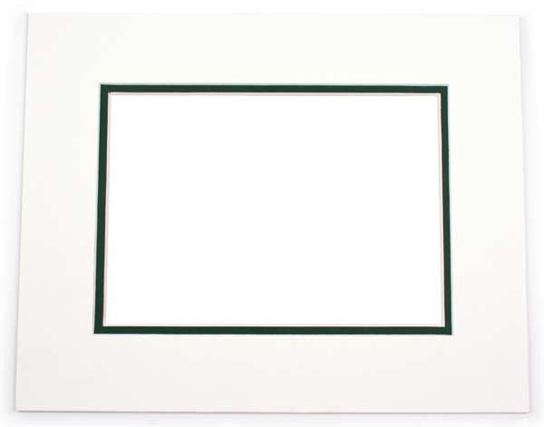 Dubbele Passepartout, Wit/Donker Groen 6,7x11,8cm uitsnede - Buitenmaat 40.6x50.8cm (10 Stuks) [MD20210]
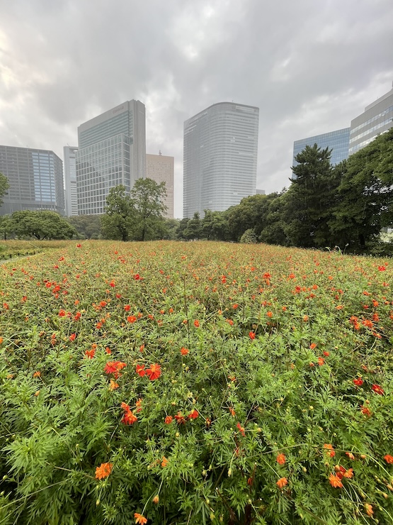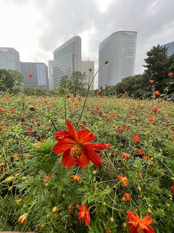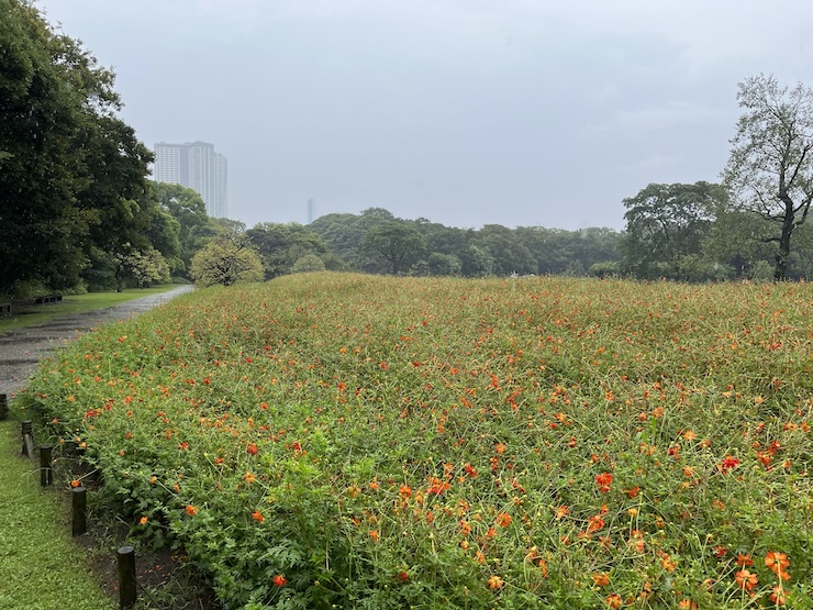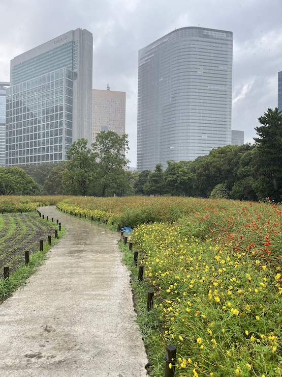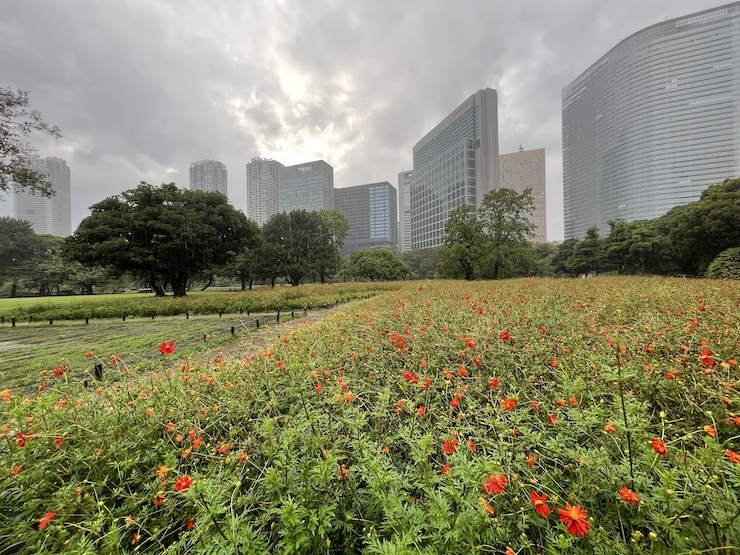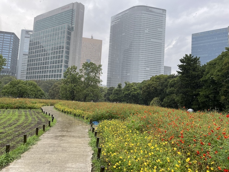 キバナコスモスで有名な浜離宮を訪問。あいにく夕立(雷と豪雨)に見舞われ、1時間以上敷地内の建物内に避難。
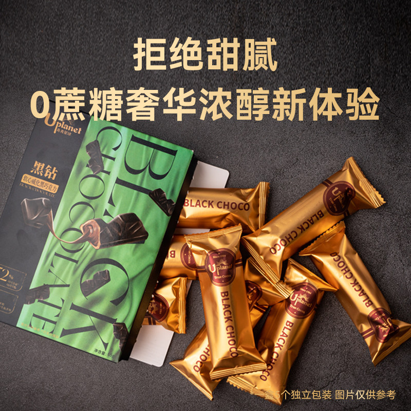 Uplanet青青星球0蔗糖软心黑巧克力纯可可脂健康零食国货不甜盒装
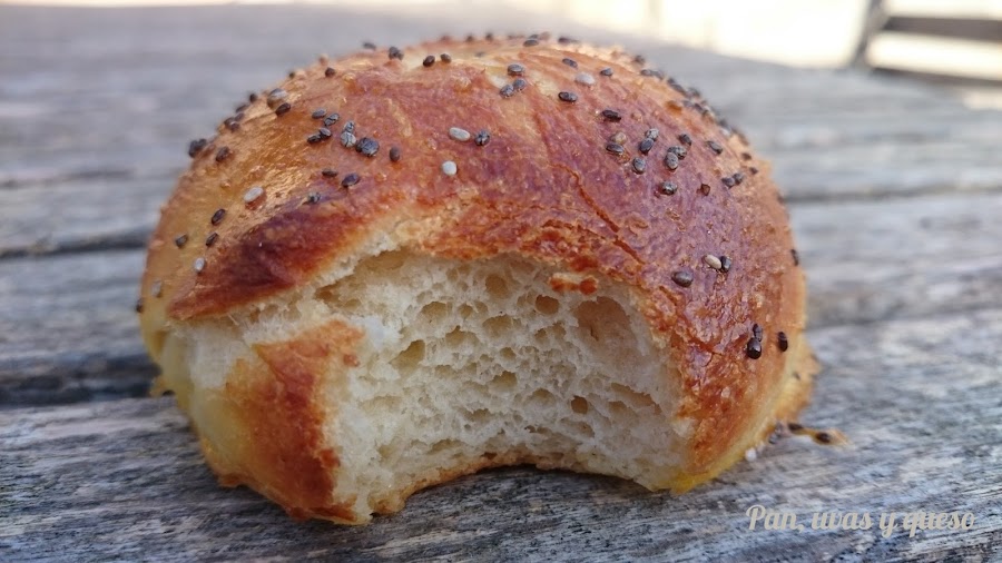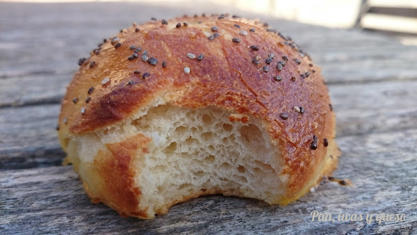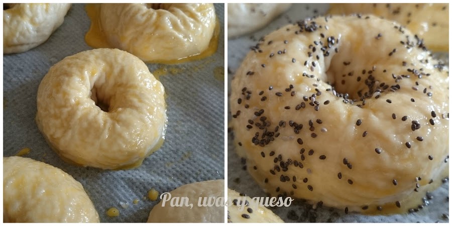 En un cazo calentamos agua hasta que hierva. Cogemos los bagels uno a uno y los pasamos por agua hirviendo durante unos segundos. Los devolvemos a la bandeja del horno. Cogemos la yema de huevo que habíamos reservado, la batimos y pintamos con ella los bagels. Por encima espolvoreamos las semillas, en mi caso de chía.
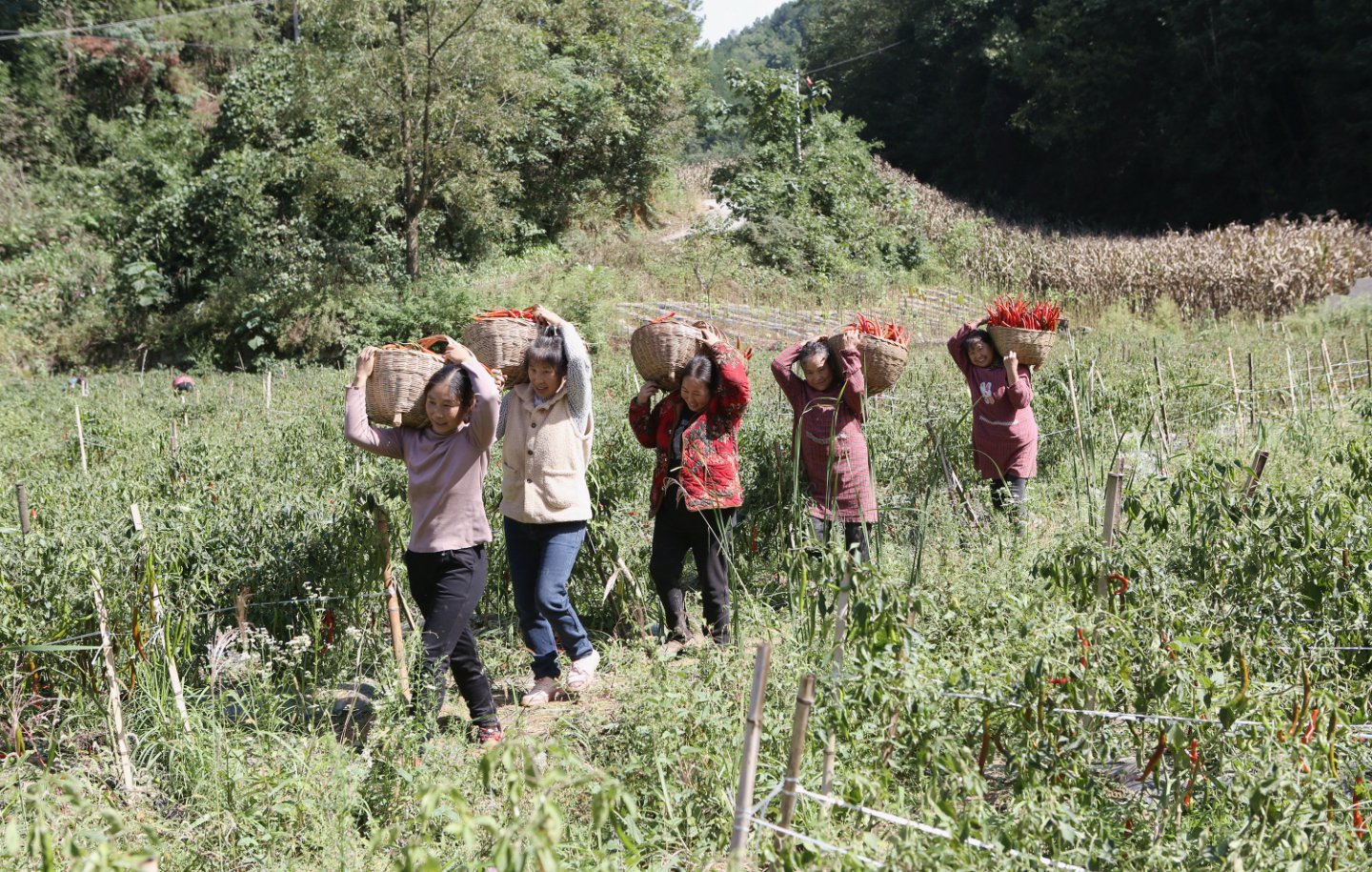 10月8日,在三溪乡白鹤村,村民们趁着天气放晴抢摘辣椒,确保减灾增收。
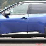 e-4ORCE採用第1号車となったアリアは、都会派クロスオーバーSUVというキャラクターもあり、(e-4ORCEの役割は)雪道や濡れた路面での性能向上、オンロードのハンドリング性能向上といったところだったが、本来e-4ORCEは、4輪に理想的な駆動力配分を行うことで、オンロードからオフロードまで、オールラウンドで走破性を高めることが狙いであり、今作のエクストレイルにこそドンピシャ当てはまる技術だ、と、日産第二製品開発部第三プロジェクト統括グループ車両開発主管の中村将一 チーフビークルエンジニア(CVE)氏はいう。
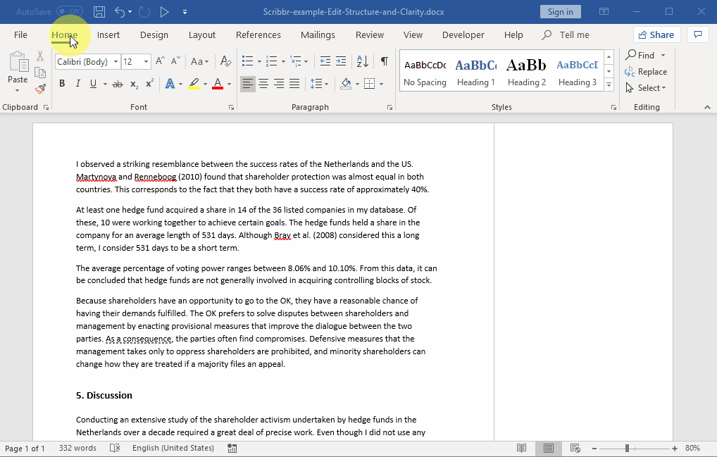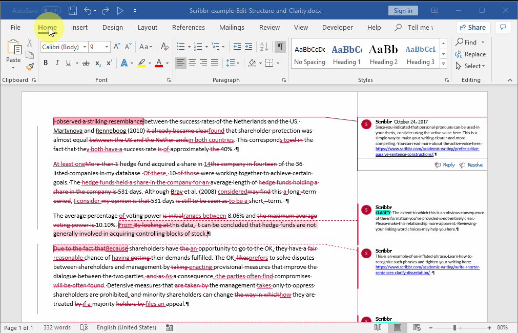 Don’t forget to do a final spell check to ensure your text is free of common errors, such as duplicated punctuation and double spaces. Once you’ve processed all the changes and deleted all the comments, the changes will no longer be visible to others. You can submit this document as your final version!
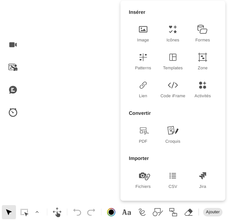 Depuis votre Board, cliquez sur "Ajouter" dans la barre d'outils en bas à gauche

==================================================

What is needed: Could you write out exactly the lines running from the one with "Don’t forget to" through the last line of the data above, both ends kept, and omit any picture?

Answer to this task:
 Don’t forget to do a final spell check to ensure your text is free of common errors, such as duplicated punctuation and double spaces. Once you’ve processed all the changes and deleted all the comments, the changes will no longer be visible to others. You can submit this document as your final version!
 Depuis votre Board, cliquez sur "Ajouter" dans la barre d'outils en bas à gauche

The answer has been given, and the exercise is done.